What the NC State Needs to Make the NCAA Tournament :: WRALSportsFan.com

With five consecutive wins, NC State has done the only thing it can to put itself in the conversation about the NCAA tournament bubble.

The only thing NC State (13-9) cannot control is what other teams in the bubble do. But a little “lucky bubble” may be what determines the fate of the Wolfpack NCAA tournament.

(Along with wins over Syracuse and Virginia this week in Greensboro at the ACC tournament, of course.)

There is a tendency to look at NC State victories (Notre Dame, Wake Forest, Virginia, Pittsburgh twice) since the home defeat to Duke on February 13 and shrug. Only the 68-61 victory in Virginia on February 24th really boosted Wolfpack’s NCAA curriculum.

Having games with Michigan, Connecticut, Louisville, Georgia Tech and Virginia Tech (last Saturday) canceled because of the COVID protocols really hurt the chances of NC State tournaments on the NCAA.

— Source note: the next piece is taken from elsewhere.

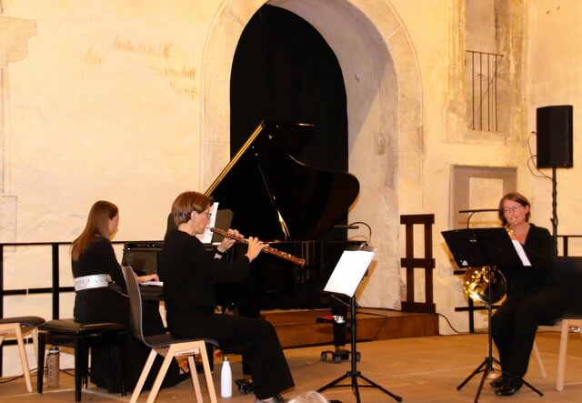 Die drei Musikerinnen Heidi Maier (Horn), Katja Prischmann-Zima (Oboe) und Marharyta Ushakova (Klavier), die Stücke zu den Ereignissen im November 1938 zusammengestellt hatten, spielten zum Beispiel das jüdische Gebetslied „Kol Nidre“, Werke von Robert Kahn (Serenade f-moll für Oboe und Klavier), Charles Koechlin und Peter Jona Korn, der sich von Eduard Mörikes Gedicht „Bei Nacht im Dorf der Wächter rief“ inspirieren ließ. Dazu Lieder der Sinti und Roma, melancholisch, beklemmend, auch mitreißend und schwungvolle jiddische Tänze. Sylvia Jansen sorgt mit den kurzen Texten von Georg Herzberg, Joseph Henri da la Teyssionnière, Amalie Schaich und Halina Birenbaum zwischen den Musikstücken für eine dichte, bewegende Einheit. „Die Schornsteine qualmten Tag und Nacht…Wenn der Wind den Rauch zu uns trieb, war es kaum er ertragen, so fürchterlich war der Gestank…halbverbrannte Menschenleichen waren wie Holzscheite auf einem Haufen zusammengelegt“ (Erinnerungen Amalie Schaich).

(Not winning at Clemson on January 5 in overtime – after leading most of the game – didn’t help either.)

But the bubble is never just about what your team has done. It’s about what the other teams in the bubble have also done.

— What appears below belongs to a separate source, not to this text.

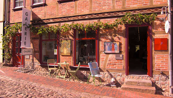 Auf einem Spaziergang durch Waren entdeckten wir in der Schulstraße (Nebenstraße der Einkaufszone) eine kleine Galerie und davor einen bunt bemalten alten Zigarettenautomaten. Hier kann man für 3,- € eine "Schachtel mit Originalkunstwerk" ziehen. Der Besitzer der Galerie hat immer Kleingeld zum Wechseln bereit und gibt auch schon mal Tipps, wo die Auquarelle oder Federzeichnungen stecken könnten. Aber im Prinzip muss man sich überraschen lassen und dann kommt eine Schachtel heraus mit einem kleinen Originalbild, natürlich handsigniert und eine kleine Beschreibung des Künstlers. Ein tolles und preiswertes Souvenir! Wir haben direkt mehrere Kunstwerke gezogen als Mitbringsel für Freunde.

Consider what some other teams, in a better position three weeks ago, did recently:

Duke

Since defeating NC State on February 13, Duke (11-11) has split his six games with expensive losses for Louisville, Georgia Tech and UNC.

In Saturday’s loss to UNC, Duke no longer looked like a team interested in playing basketball this season.

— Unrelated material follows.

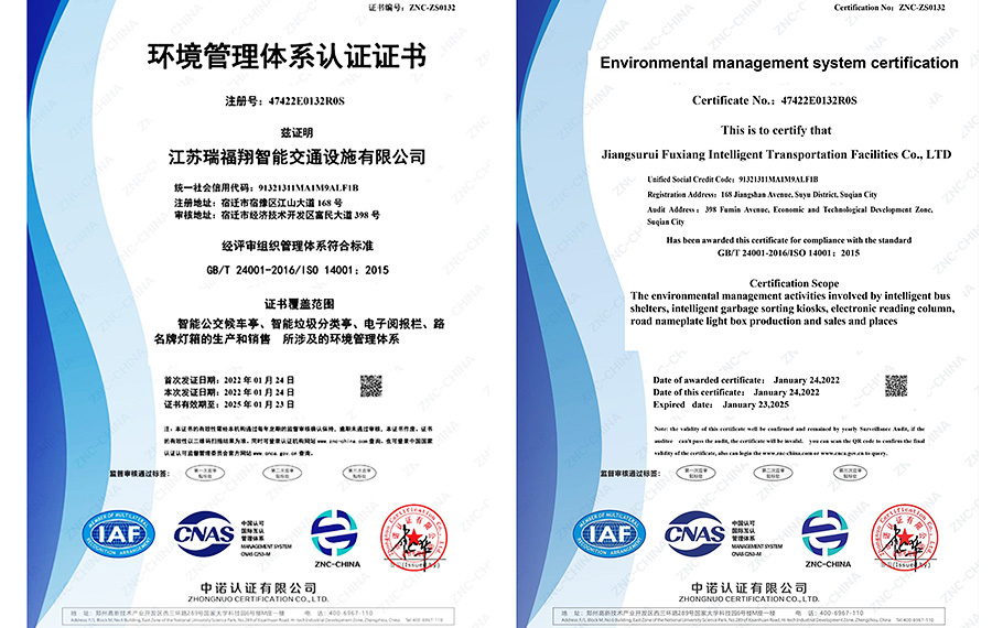 环境管理体系认证证书

The Blue Devils are between 11-11 in the ACC tournament and basically have to win it – five games in five days – to extend their NCAA tournament streak, which started in 1996.

Two teams, Georgia in 2001 and Villanova in 1991, received overall proposals for the NCAA tournament with a record of 16-14 (0.533 is the lowest percentage for an overall team).

But these teams had the benefit of superior ratings of programming power. In a pandemic, this metric has almost always been castrated. Or in the case of Duke, he only has “good losses” outside of ACC and has played an abbreviated schedule, so it will not be useful.

Boise State

Boise State was 16-4 after a home victory over UNLV on February 13. The Broncos have been 2-3 since then and have lost their last three games.

The Broncos (18-7) have a quality win outside the Mountain West conference over BYU and league wins over the Colorado State and Utah State bubble teams.

Even though an overall record looks better than NC State’s, is Boise’s curriculum really better?

A parlor plot to which we will probably never get an answer: how much will MWC commissioner Craig Thompson on the selection committee help Boise, CSU and Utah State?

When you look at the edge of the bubble, there are three MWC teams there. Even someone entering (without winning the conference tournament) takes a place outside the frame.

UCLA

UCLA is in the field in most bracket projections. The Bruins are 17-8, but the highlight of their resume is “they didn’t do anything stupid” – except for the current streak of three consecutive defeats.

The Bruins have played with three teams that are likely to be on the pitch in the last three games (Colorado, Oregon, USC) and have lost all three games.

I like “your defeats don’t matter as much as your wins”, but at some point, you have to stop losing games.

Bruins have a lot of empty calories on their resume and little substance.

How will the committee treat teams that look good on paper (and should be rewarded for getting games in the books in a pandemic), but don’t have many good wins?

We will not know the answer until Selection Sunday.

Syracuse

Syracuse had 12-6 on February 13 after a home win over Boston College. Since then, Orange has won 4 out of 6, including major wins over UNC and Clemson.

The good news for NC State is that Wolfpack will face Orange in the ACC tournament. The bad news is that Syracuse won the regular season.

Syracuse, like NC State, has an annual time-share in the bubble (at least since leaving Big East in 2013). Orange is weak in the “Q1” wins (1-6, an NC State win on February 9), but reinforced its resume with three wins over the likely teams on the tournament field (UNC, Clemson, Virginia Tech ).

This game in Greensboro on Wednesday looks like the NC State ACC tournament match with Clemson in 2019. The winner may not be in the NCAA tournament, but the loser is definitely out.

NC State defeated Clemson in that ACC tournament game and lost the next day to Virginia. Wolfpack ended up at NIT.

Will history repeat itself or is this NC team different?